As mentioned above, preloaded files remain cached in opcache memory forever. Modification of their corresponding source files won’t make effect without another server restart. All functions and most classes defined in these files will be permanently loaded into PHP’s function and class tables and become permanently available in the context of any future request. During preloading, PHP also resolves class dependencies and links with parent, interfaces and traits. It also removes unnecessary includes and performs some other optimizations.

 

Preloading Limitation

Only classes without unresolved parent, interfaces, traits and constant values may be preloaded.
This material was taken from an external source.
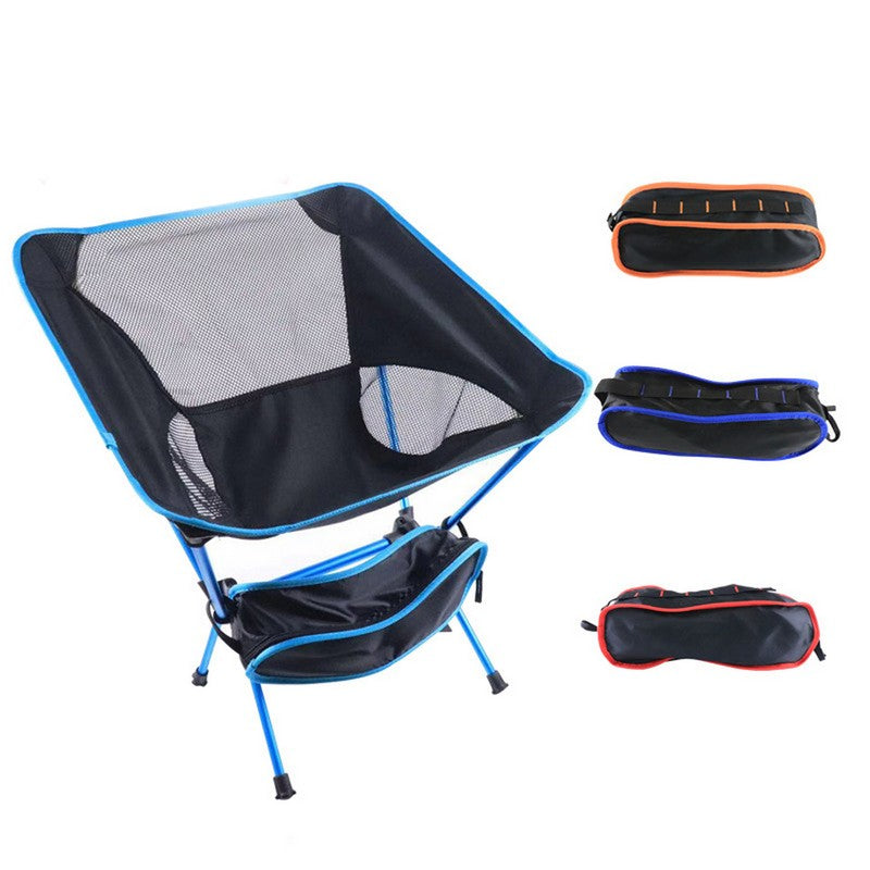 The lightweight folding camping chair is composed of nylon fabric and 7075 aviation aluminum bracket. Nylon fabric is strong enough to withstand people with a weight of up to 350lbs. The folding chair is designed with a wire rod, only need to pull the elastic rope and connect the aluminum bracket. There is a pocket on the side of the outdoor folding chair, you can put your phone in it when you are fishing; the feet of the folding chair are rubberized to prevent sand from entering the bracket. 26.77″ L x 20.47″ W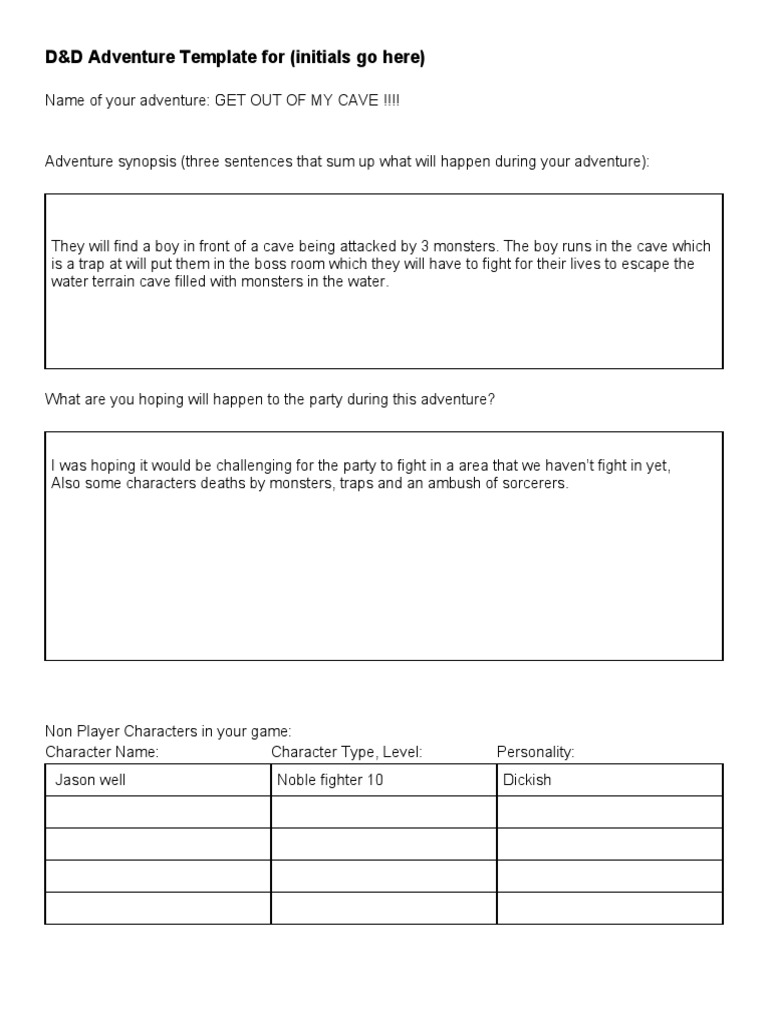 Dnd Adventure Template - Web and so, i’ve come up with four basic types of adventures: To avoid recalculating the creature’s challenge rating, apply the template only to a creature that meets the optional prerequisite in the breath weapon table below. The d&d adventurers may use the setting of that domain for future to review adventures. Web 6 hours ago10 standalone d&d adventures you can plug into your homebrew campaign. One of the nice things about the eight steps for preparing a session of d&d from return of the lazy dungeon. Plus, the links below provide even further d&d character sheets. These files are zipped pdfs; It’s so easy to sit down to write, an amazing story. Web get started with downloadable pdf adventures and resources from the lastest edition of dungeons & dragons. Click on the buttons below to download them so you can use them in your own documentation software, like onenote for example.

If a class doesn’t satisfy to this condition, it’s stored in opcache SHM as a part of corresponding PHP script in the same way as without preloading. Also, only top-level entities that are not nested within control structures (e.g. if()…) may be preloaded.

 

Implementation Details

Preloading is implemented as a part of the opcache on top of another (already committed) patch that introduces “immutable” classes and functions. They assume that immutable part is stored in shared memory once (for all processes) and never copied to process memory, but variable part is specific for each process. The patch introduced the MAP_PTR pointer data structure, that allows pointers from SHM to process.

 

Backward Incompatible Changes

Preloading does not affect any functionality unless it is explicitly used. However, if used, it may break some application behavior, because preloaded classes and functions are always available, and function_exists() or class_exists() checks would return TRUE, preventing execution of expected code paths. As mentioned above, incorrect usage on a server with more than one app could also result in failures. As different apps (or different versions of the same app) may have the same class/function names in different files, if one version of the class is preloaded – it will prevent loading of any other version of that class defined in a different file.

 

Proposed PHP Version(s)

PHP 7.4

php.ini Defaults

  • opcache.preload – specifies a PHP script that is going to be compiled and executed at server start-up.

Performance

Using preloading without any code modification I got ~30% speed-up on ZF1_HelloWorld (3620 req/sec vs 2650 req/sec) and ~50% on ZF2Test (1300 req/sec vs 670 req/sec) reference applications. However, real world gains will depend on the ratio between the bootstrap overhead of the code and the runtime of the code, and will likely be lower. This will likely provide the most noticeable gains with requests with short very runtimes, such as microservices.